- 1/12/2005
- Cape Town, South Africa
- Ben MacLennan
- Mail & Guardian Online
A good curry laden with spices can do wonders in keeping a range of diseases including cancer at bay, according to internationally acclaimed researcher Prof Bharat Aggarwal.
“No question about it. I can commend it again and again,” he said in Cape Town on Wednesday.
“It is not only cancer, there are a number of other diseases … right now there are clinical trials going on in the University of California with curcumin for dementia [and] Alzheimer’s.”
Aggarwal was the main speaker on Wednesday at the opening of a three-day conference on the interface between natural products and molecular therapy, at the University of Cape Town’s medical school.
He is a researcher at the MD Anderson Cancer Centre at the University of Texas in the United States, where a major focus of his work has been curcumin, active component of the distinctive yellow curry spice turmeric. He said the dietary spices played an important role in fighting cancer.
“That is becoming increasingly evident from a number of different sources. And that’s why the incidence of cancer in countries like India where these spices are consumed is ten times lower [for] most cancers as compared to countries like the United States.”
Diseases like Alzheimer’s and Parkinson’s were rare in India — “actually unheard of. And the question is, why? In my mind, curcumin certainly plays a role.
“Even within India, in the south of India they use more curcumin that in the north, and you see the incidence of colon cancer is even further down than in the north.”
Number one cancer among Indian men was head and neck cancer, caused by tobacco and chewing betel nut.
“We have just published a paper on head and neck cancer, and how to suppress that,” he said.
“We have just designed curcumin lozenges that some of these people … take and … and prevent the lesions formation which lead to cancer.”
Clinical trials were being planned in co-operation with the Tata Cancer Institute, the biggest cancer research institute in India.
Aggarwal said curcumin blocked the activation of NF-kappaB, a protein acting as a “master switch” that controlled genes linked to inflammation and by extension to “most of the diseases that we can think of”.
Compounds in a number of other spices and plants also blocked NF-kappaB, including the capsaicin in red chillies, isogeund in cloves and substances in fennel, black pepper and ginger. Cinnamon was very effective for type-2 diabetes.

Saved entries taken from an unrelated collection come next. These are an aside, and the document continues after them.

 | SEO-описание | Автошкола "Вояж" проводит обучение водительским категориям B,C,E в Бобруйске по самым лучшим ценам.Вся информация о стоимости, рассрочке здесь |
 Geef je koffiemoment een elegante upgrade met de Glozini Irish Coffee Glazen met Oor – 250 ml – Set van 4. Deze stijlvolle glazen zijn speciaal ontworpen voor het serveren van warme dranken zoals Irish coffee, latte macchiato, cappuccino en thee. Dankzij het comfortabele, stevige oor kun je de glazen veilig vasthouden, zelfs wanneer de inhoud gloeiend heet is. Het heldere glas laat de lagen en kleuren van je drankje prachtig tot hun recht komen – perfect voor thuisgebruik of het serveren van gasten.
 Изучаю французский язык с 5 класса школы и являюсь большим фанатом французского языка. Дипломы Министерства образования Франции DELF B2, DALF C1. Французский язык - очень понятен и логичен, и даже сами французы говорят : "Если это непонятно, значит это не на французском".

Aggarwal said while there was much data on the preventive uses of spices, researchers believed they had “tremendous” value in the area of treatment as well. A clinical trial was being planned on the effect of giving curcumin to women with breast cancer that recurred even after they had undergone surgery, chemotherapy and radiation treatment. “That’s very, very, very important, because there are no drugs right now available for treatment of breast cancers at that stage.

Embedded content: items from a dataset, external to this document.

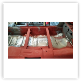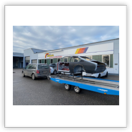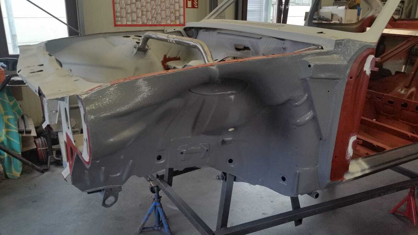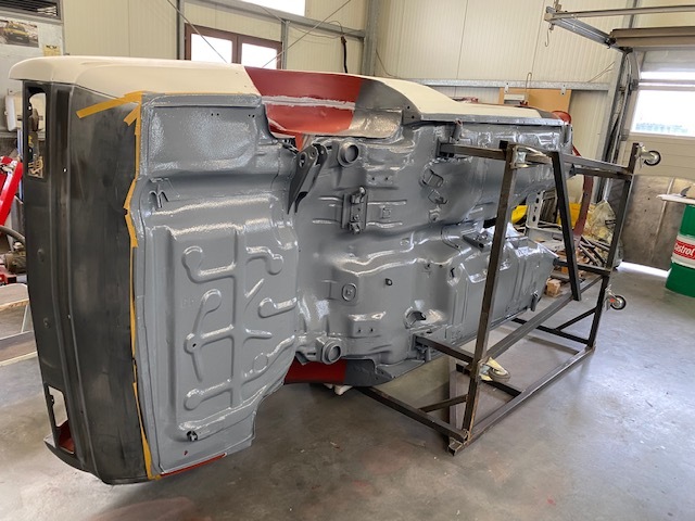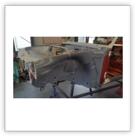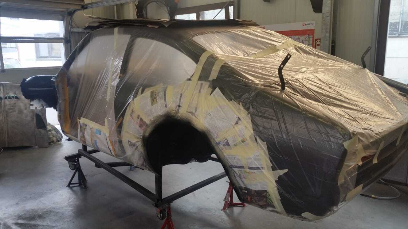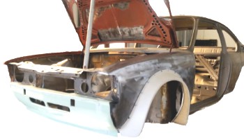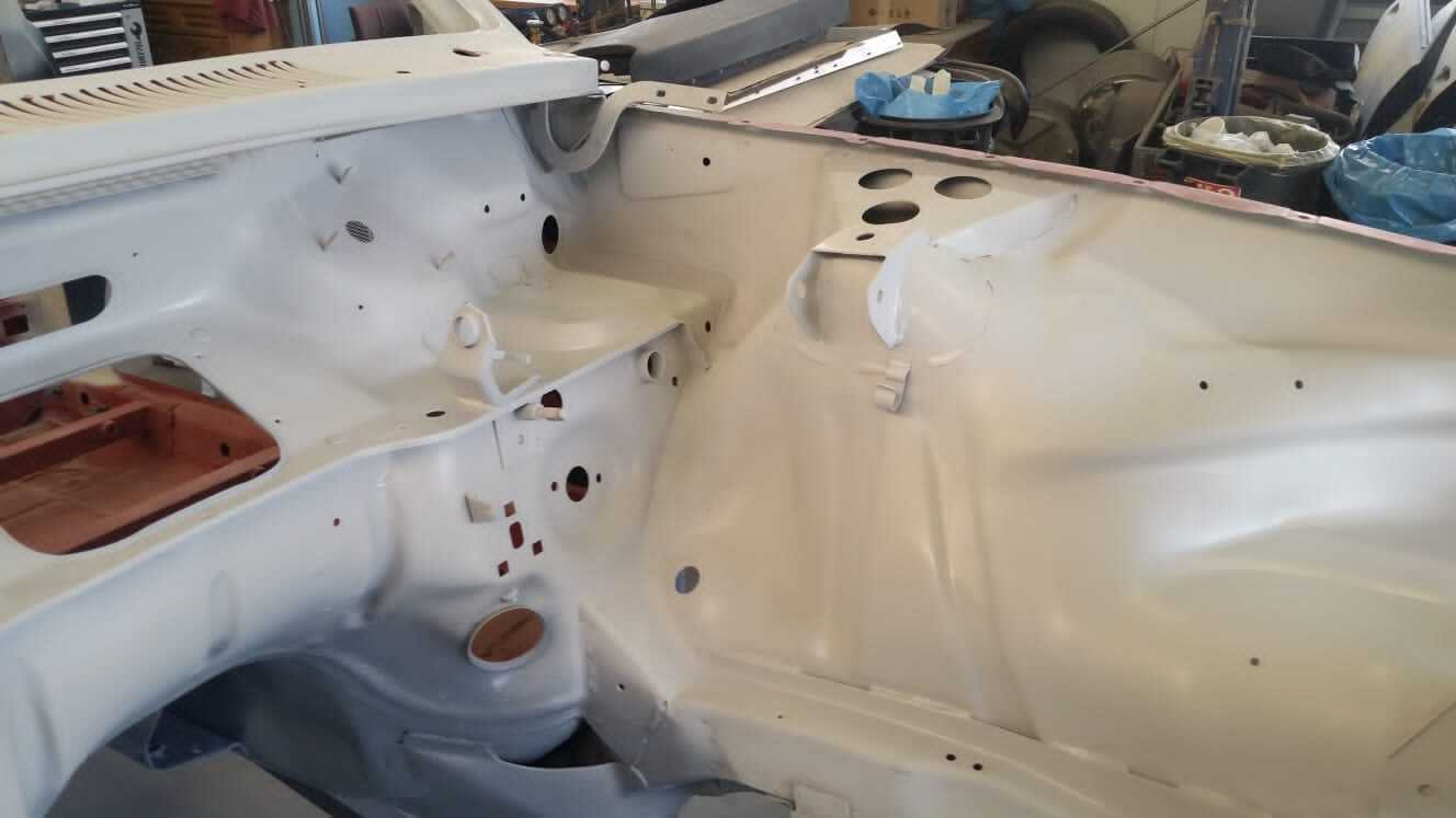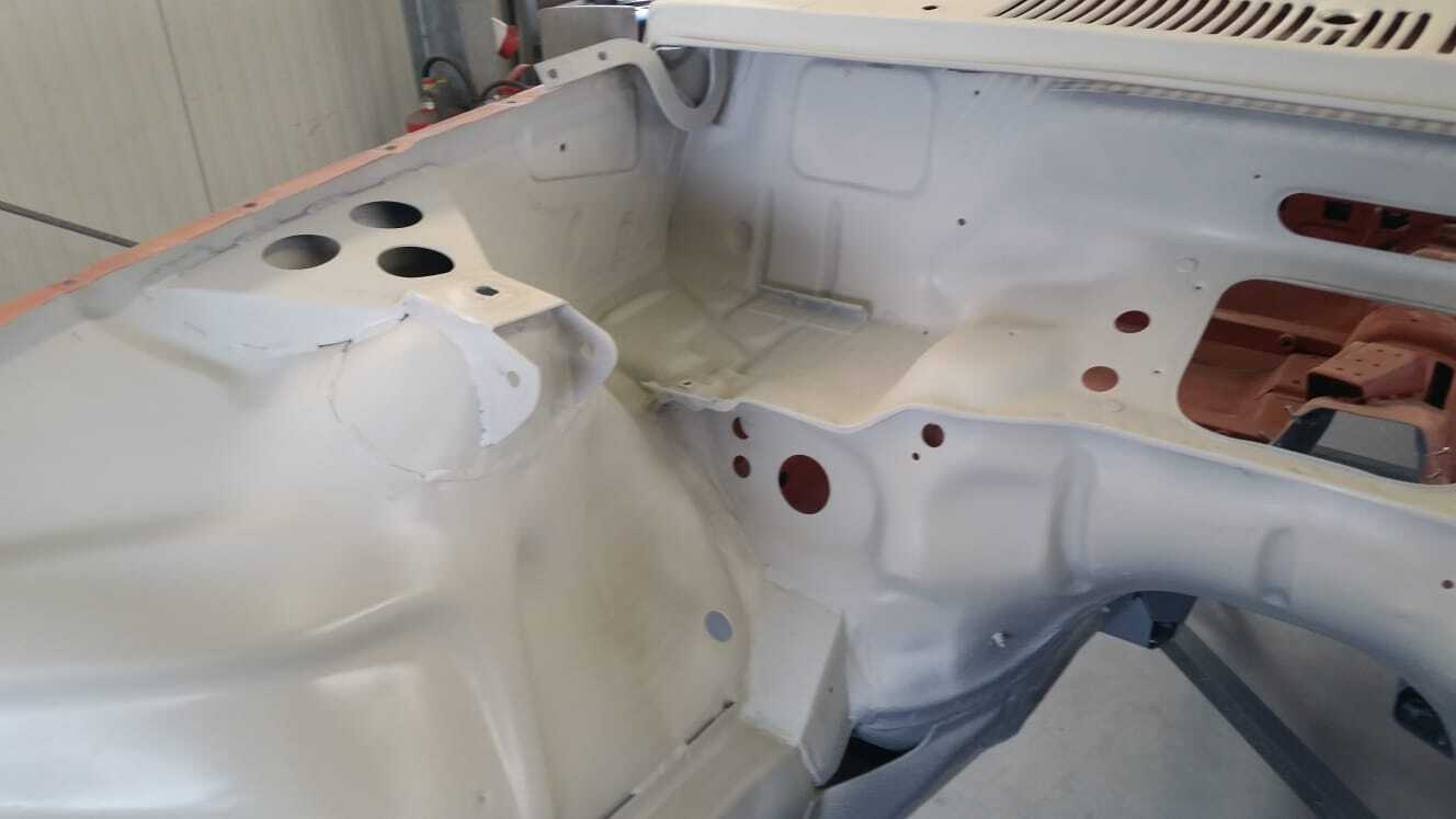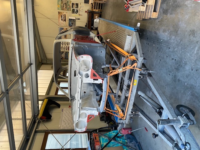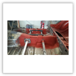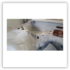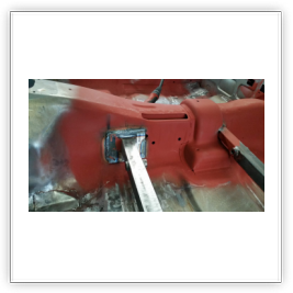 das Karosserieskelett eines Fahrzeugs. Dann erfolgt der weitere Aufbau.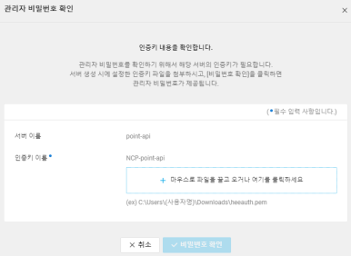 생성시 만들었던 인증서를 넣으면 초기 패스워드 확인이 가능합니다.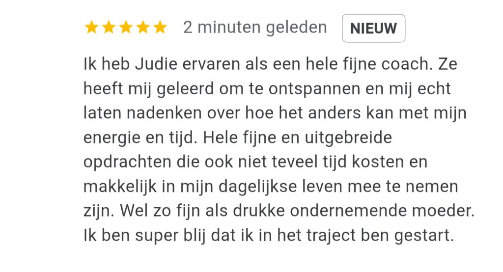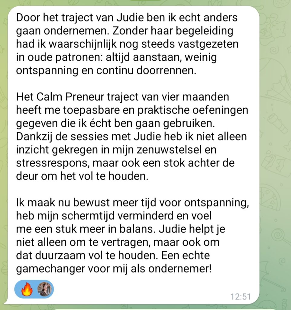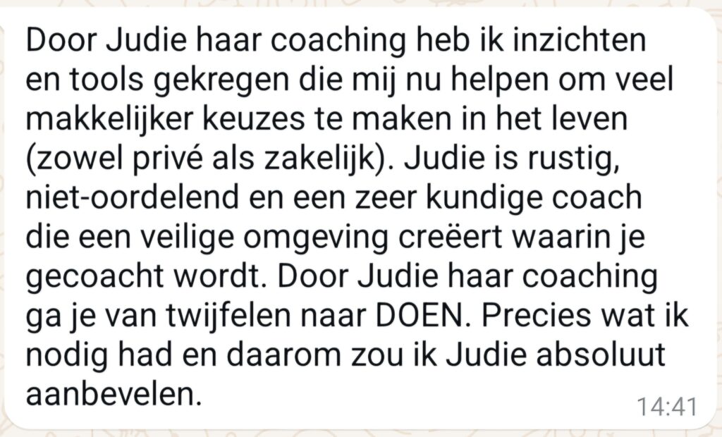 "Zonder de begeleiding van Judie had ik waarschijnlijk nog steeds vastgezeten in oude patronen: altijd ‘aan’ staan, weinig ontspanning en continu doorrennen"

“What I’m saying is, what if you were to give that woman curcumin to begin with, can you help her. And the answer is yes. Our evidence is very strong to indicate that yes, you can.”

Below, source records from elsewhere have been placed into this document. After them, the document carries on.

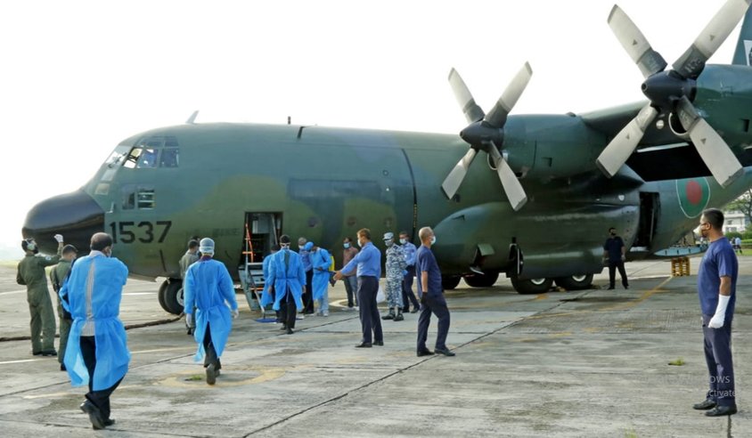 করোনাভাইরাস এর কারণে উদ্ভুত পরিস্থিতিতে শুভেচ্ছা সামগ্রী হিসেবে নিত্য প্রয়োজনীয় দ্রব্যাদি ও মালদ্বীপে কর্মরত ১১ জন বাংলাদেশি ডাক্তারদের জরুরি ভিত্তিতে কর্মস্থলে পাঠানোর জন্য আজ মালদ্বীপের উদ্দেশে বাংলাদেশ বিমান বাহিনীর একটি সি-১৩০বি পরিবহন বিমান ঢাকা ছেড়েছে।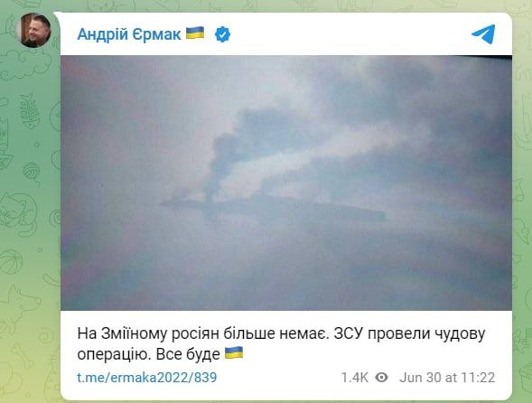 Глава Офиса президента Андрей Ермак также подтверждает отход россиян с острова Змеиный.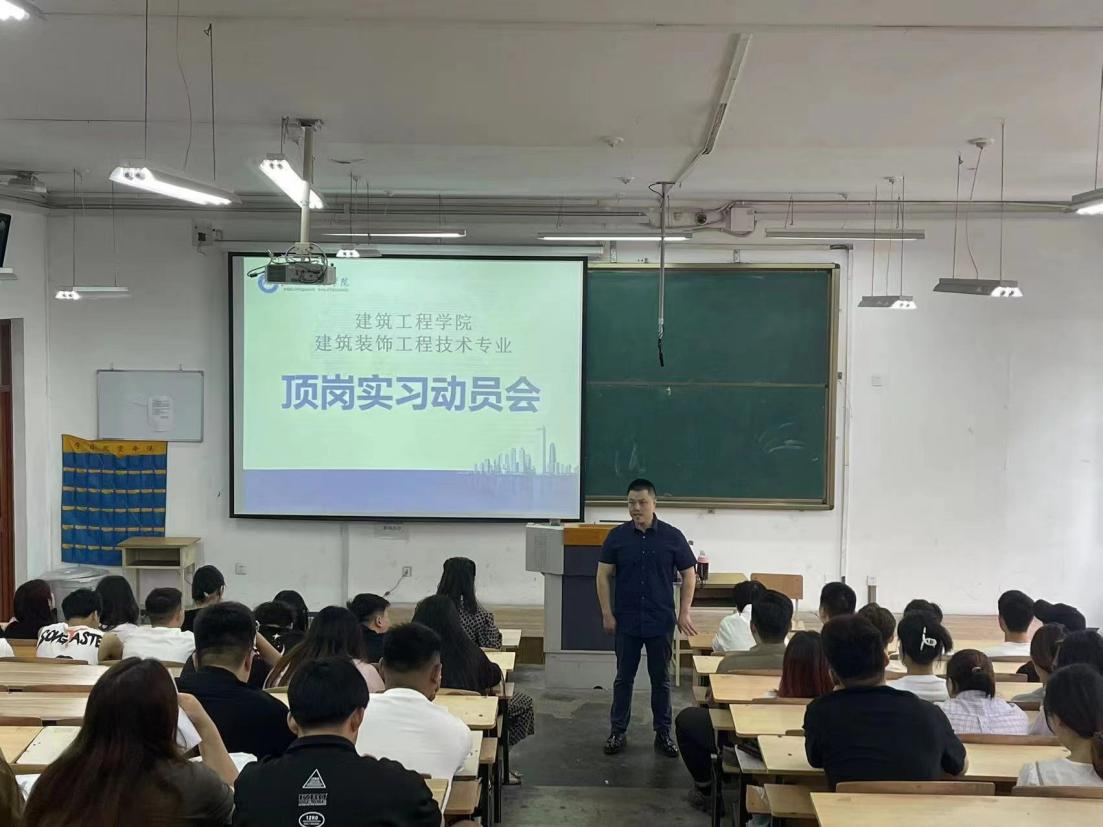 为落实学生顶岗实习管理规定工作,拓宽应届实习生就业渠道,提高就业质量水平,6月28日上午,建筑装饰工程技术专业召开“顶岗实习动员会暨实习企业见面会”,建筑装饰工程技术专业全体教师,21级全体学生参加本次大会,会议由团队带头人林泉老师主持。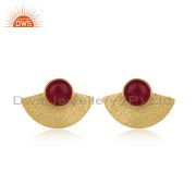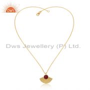 Handtextured Gold On Silver 925 Dyed Ruby Chain Pendant
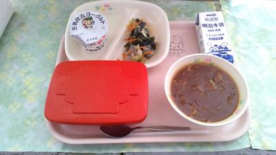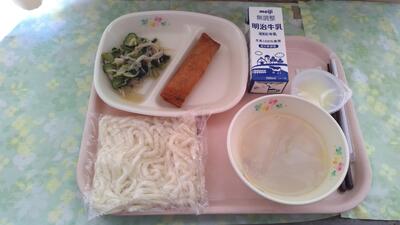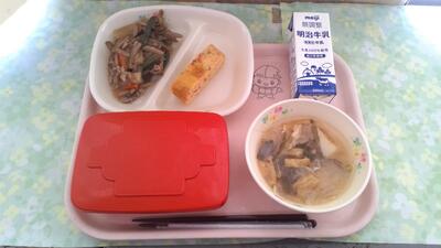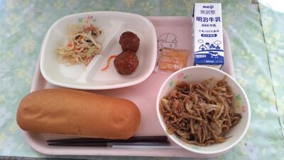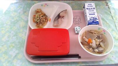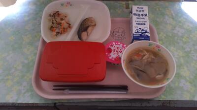 1月24日から1月30日の一週間 は、全国学校給食週間 です。学校給食 は、当時貧しい子 どもたちのために、山形県 の私立忠愛小学校で始まりました。今日は明治22年、最初の給食を再現した献立となっています。当初の献立は、おにぎりと焼き魚、漬物だったそうです。現在では単なる栄養補給のみならず、子どもたちへの食育の一環として、全国の小中学校で給食が提供されています。今日は、おにぎりではなく、味付けのりでごはんをはさみ、セルフのり巻きにして食べました。また、今日の味付けのりは県内のマスコットキャラクター入りで、選ぶのに迷いました。

He said the benefits of spices had long been known, and were described in the Ayurveda, the ancient Indian treatise on the art of healing.
“But we are using the modern technology to rediscover that knowledge, to verify that knowledge. And we are using the modern knowledge which came up in the last hundred years.”
He said curcumin was first isolated in 1819 and synthesised in 1850, and could now be bought by the kilo for a dollar, which did not make it profitable for pharmaceutical companies.
However he had been approached by an investor and was now one of the founding scientists of a company named Curry Pharmaceuticals.
Curry Pharmaceuticals, set up in 2003 and based in North Carolina in the United States, has identified as its first potential target what it calls “a proprietary dermal formulation of synthetic curcumin” for treating psoriasis.
Aggarwal said though curcumin itself could not be patented, it was possible to obtain patents and make money by combining it with something else to make a better delivery system and better formulation, or coming up with a “structural analogue”.
UCLA researchers reported last year that they had found curcumin was more effective against Alzheimer’s than many other drugs being tested to treat the disease. They found it found it broke up “existing beta amyloid” on rats’ brains and helped prevent accumulation of the destructive plaque.